- _What is needed_
Using the records below, write out only the lines from the line containing "HAT (ORANGE CAMO)" up to and including the line containing "客厅沙发背景墙挂橙色装饰画跟窗帘相呼应", exactly, with no pictures.

- _Given information_
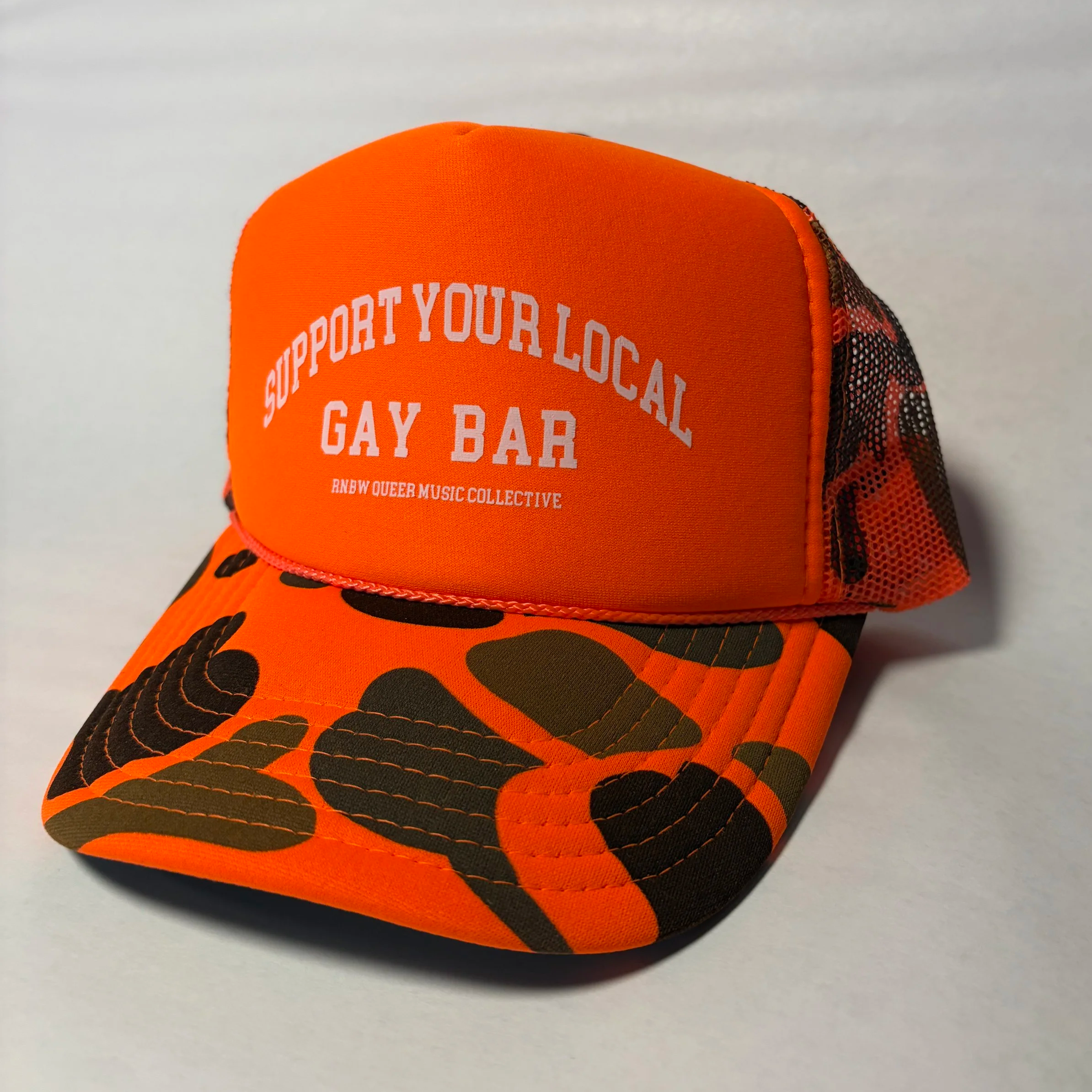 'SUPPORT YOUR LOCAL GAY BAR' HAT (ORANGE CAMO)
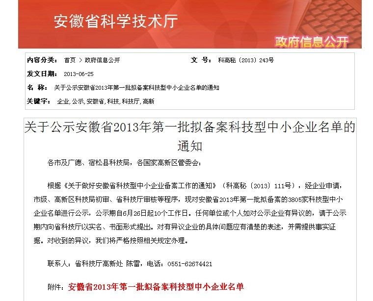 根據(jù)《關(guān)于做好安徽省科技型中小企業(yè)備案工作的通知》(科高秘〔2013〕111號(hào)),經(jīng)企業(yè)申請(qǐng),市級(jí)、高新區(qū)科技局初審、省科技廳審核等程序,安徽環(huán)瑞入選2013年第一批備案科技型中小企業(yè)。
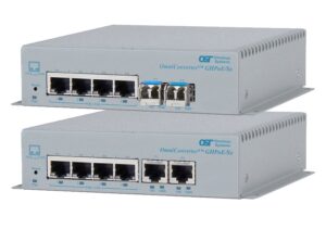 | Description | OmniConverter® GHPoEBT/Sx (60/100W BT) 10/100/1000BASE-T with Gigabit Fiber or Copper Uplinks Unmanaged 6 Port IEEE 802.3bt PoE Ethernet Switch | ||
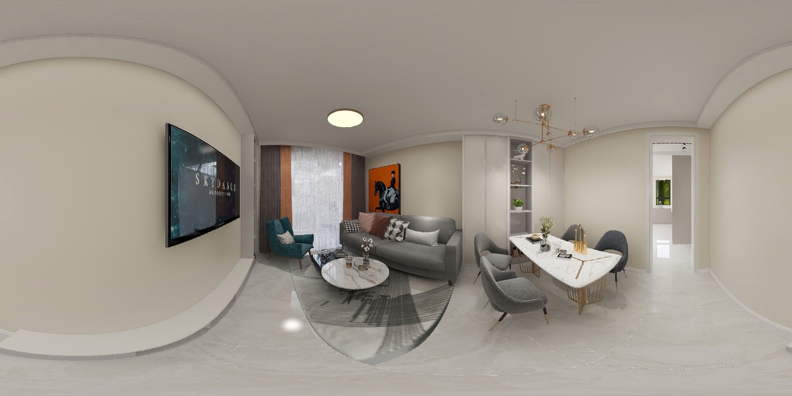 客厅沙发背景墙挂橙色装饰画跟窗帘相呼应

* * *

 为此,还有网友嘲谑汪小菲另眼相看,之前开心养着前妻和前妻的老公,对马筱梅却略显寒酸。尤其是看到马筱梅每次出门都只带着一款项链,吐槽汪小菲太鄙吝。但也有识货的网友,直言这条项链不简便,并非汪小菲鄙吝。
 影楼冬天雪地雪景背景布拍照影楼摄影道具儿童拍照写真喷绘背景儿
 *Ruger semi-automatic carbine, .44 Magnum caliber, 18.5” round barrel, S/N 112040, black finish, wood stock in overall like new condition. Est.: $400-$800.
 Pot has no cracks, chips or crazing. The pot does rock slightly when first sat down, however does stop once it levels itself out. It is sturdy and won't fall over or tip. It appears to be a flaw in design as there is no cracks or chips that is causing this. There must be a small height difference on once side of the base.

- _Solution to the problem_
 'SUPPORT YOUR LOCAL GAY BAR' HAT (ORANGE CAMO)
 根據(jù)《關(guān)于做好安徽省科技型中小企業(yè)備案工作的通知》(科高秘〔2013〕111號(hào)),經(jīng)企業(yè)申請(qǐng),市級(jí)、高新區(qū)科技局初審、省科技廳審核等程序,安徽環(huán)瑞入選2013年第一批備案科技型中小企業(yè)。
 | Description | OmniConverter® GHPoEBT/Sx (60/100W BT) 10/100/1000BASE-T with Gigabit Fiber or Copper Uplinks Unmanaged 6 Port IEEE 802.3bt PoE Ethernet Switch | ||
 客厅沙发背景墙挂橙色装饰画跟窗帘相呼应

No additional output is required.